Single-sex schistosome infections of definitive hosts: Implications for epidemiology and disease control in a changing world
A substantial proportion of the world’s disease burden is caused by infectious agents that lead to high mortality, morbidity, and reduced productivity among many millions of people and their animals. Guided by the Millennium Development Goals (MDGs) and the subsequent Sustainable Development Goals (SDGs), much progress has been made in reducing the burden of human infectious diseases since 2000, although challenges remain and new questions emerge.
Human schistosomiasis is a neglected tropical disease (NTD) caused by blood flukes of the genus Schistosoma. The parasitic disease remains a public health problem in the majority of 78 tropical and subtropical countries, with approximately 261 million people in need of treatment. After nearly 70 years of major multidisciplinary control efforts, great success has been achieved against Schistosoma japonicum within China. Across sub-Saharan Africa, efforts to control S. mansoni and S. haematobium through large-scale preventive chemotherapy (PC) with praziquantel (PZQ) have also had a substantial impact on preventing or relieving morbidity and improving global health, particularly amongst the poorest. The success of such activities has in part led to a revision of WHO’s strategic plan and a vision for ‘a world free of schistosomiasis’, with elimination as a public health problem and complete interruption of transmission in selected regions by 2025.

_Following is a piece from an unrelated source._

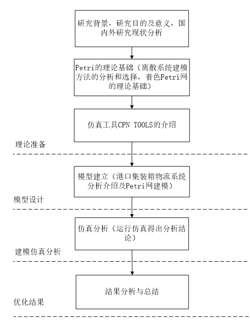 本论文在研究国内外相关港口集装箱物流系统论文的基础上,回顾Petri网建模方法理论并学习CPN Tools建模软件,针对港口集装箱物流系统,构建相应的着色Petri网模型,通过CPN Tools将构建好的着色Petri网模型进行仿真分析,将分析结果进行优化。图1.1为论文研究的基本路线。

However, recent reports of prevalence levels greater than previously thought, re-emergence of schistosomiasis in previously controlled regions, and emergence of zoonotic hybrid Schistosoma within previously uninfected regions, as well as indications of reduced drug efficacy amongst populations under high PC pressure, all serve to highlight that schistosomes are highly complex multi-host parasitic organisms. Many essential characteristics of their biology and epidemiology remain unknown.